Capitol Hill Buzzing with China Trade Vote Tomorrow

Aired May 23, 2000 - 1:03 p.m. ET

THIS IS A RUSH TRANSCRIPT. THIS COPY MAY NOT BE IN ITS FINAL FORM AND MAY BE UPDATED.

LOU WATERS, CNN ANCHOR: In Washington, both sides still are battling for support ahead of tomorrow's anticipated House vote on permanent normal trade relations with China.

CNN congressional correspondent Chris Black is keeping a close watch on the activity up on Capitol Hill, joins us now with the latest -- Chris.

CHRIS BLACK, CNN CONGRESSIONAL CORRESPONDENT: Lou, supporters of the China trade bill expect to get another burst of momentum later this afternoon when as many as nine formerly undecided Democratic House members are expected to endorse the legislation. This group includes at least five Democrats from Texas, several members of the Congressional Black Caucus and several Hispanic lawmakers.

Now you can see the influence of two very key people in this announcement: the first is Congressman Charlie Rangel, the top Democrat on the House Ways and Means Committee who came out for the legislation last week; and a senior member of the Congressional Black Caucus who has been talking one on one to a number of his colleagues in the final days before this vote; the other influential person is Congressman -- is President Clinton, who has been giving -- making a first class lobbying effort from the White House. Congressman Gregory Meeks of New York, who's one of the members who's expected to endorse the bill later today has been the recipient of a first class lobbying effort by the president in the last few week that included a ride on Air Force One and an invitation to last night's state dinner for the South African President.

Earlier today, the president took advantage of an announcement at the White House, of a deal between himself and House Speaker Dennis Hastert on tax credits for poor cities and rural areas, to make yet another pitch for the China trade bill.

(BEGIN VIDEO CLIP)

WILLIAM J. CLINTON, PRESIDENT OF THE UNITED STATES: The consequences of this vote will be felt after I am no longer president. But our country fought three wars in Asia in the last half-century. We ought to give our children a chance to have a different 50 years ahead of us. No one knows what the future holds, but we do know which course is likely to give us a more peaceful future. It's the sort of thing I hope everyone will think about before they cast that vote tomorrow. (END VIDEO CLIP)

BLACK: Now on the other side: The point man for the opposition, the House Democratic Whip David Bonior, argued once again today, that permanent normal trade relations with China would cost the United States a lot of jobs.

(BEGIN VIDEO CLIP)

REP. DAVID BONIOR (D), MICHIGAN: The China trade deal won't generate new customers for medium-sized and small businesses, but it will provide a new source of cheap labor for big business. And that may be good for the bottom line, but it won't help America's.

(END VIDEO CLIP)

BLACK: Now you can't walk more than a few feet on the House side of Capitol Hill without stumbling across somebody who's lobbying either for or against this legislation. The AFL-CIO has flown in their state labor leaders, the -- there are CEOs from corporations and the U.S. Chamber of Commerce has assigned a lobbyist to each individual undecided House member -- Lou.
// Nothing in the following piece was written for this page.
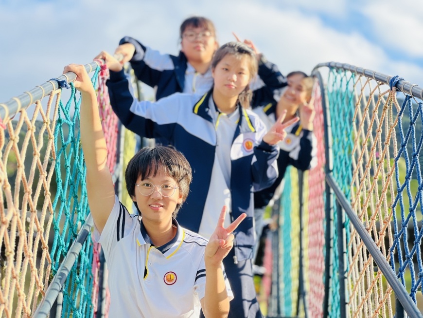 在“飞跃丛林”的挑战中,学子们展现了他们的勇气和决心。他们在挑战中相互鼓励,相互帮助,不仅锻炼了个人意志,也增强了团队精神。

WATERS: Chris, you mentioned the president's first class lobbying effort, aside from the invitations to ride on Air Force and the state dinners and such, what kind of deals are being made for these votes? can you give us a sense of that?

BLACK: Well, there's definitely a little bit of horse trading going on, Lou, less than you might imagine. But what I am told, both by members of Congress and by White House sources is that the Congressmen and women are taking advantage of this opportunity to speak one on one with the president to remind him of things that they want for their districts, a weather station here, an oil pipeline there. And the president is listening to them and eager to help as much as he can. But most of the horse trading is on measures that are actually related to trade.

WATERS: Chris Black on Capitol Hill.